Work item |
Using the data below, restate exactly every line from the one with "解决世界性难题!深大陈湘生院士获茅以升科学技术奖" up to and including the one with "Download Best Seller". No picture belongs in it.

Data to examine |

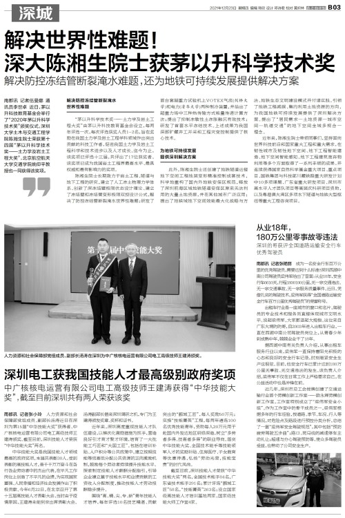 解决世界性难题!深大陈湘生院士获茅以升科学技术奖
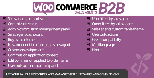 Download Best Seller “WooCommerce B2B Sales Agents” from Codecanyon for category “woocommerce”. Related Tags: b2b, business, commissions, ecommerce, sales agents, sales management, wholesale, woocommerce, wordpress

--

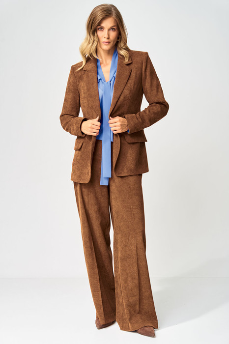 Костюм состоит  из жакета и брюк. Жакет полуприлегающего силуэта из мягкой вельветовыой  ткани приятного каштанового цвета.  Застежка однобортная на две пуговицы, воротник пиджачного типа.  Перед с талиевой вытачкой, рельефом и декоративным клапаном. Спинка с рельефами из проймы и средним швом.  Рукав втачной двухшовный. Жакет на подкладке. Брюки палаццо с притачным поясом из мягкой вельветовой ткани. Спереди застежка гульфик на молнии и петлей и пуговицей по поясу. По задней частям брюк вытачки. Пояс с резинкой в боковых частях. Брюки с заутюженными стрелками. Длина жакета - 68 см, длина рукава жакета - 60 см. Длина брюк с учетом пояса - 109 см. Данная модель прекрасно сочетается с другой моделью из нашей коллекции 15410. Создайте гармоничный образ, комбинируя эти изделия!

Answer section |
 解决世界性难题!深大陈湘生院士获茅以升科学技术奖
 Download Best Seller “WooCommerce B2B Sales Agents” from Codecanyon for category “woocommerce”. Related Tags: b2b, business, commissions, ecommerce, sales agents, sales management, wholesale, woocommerce, wordpress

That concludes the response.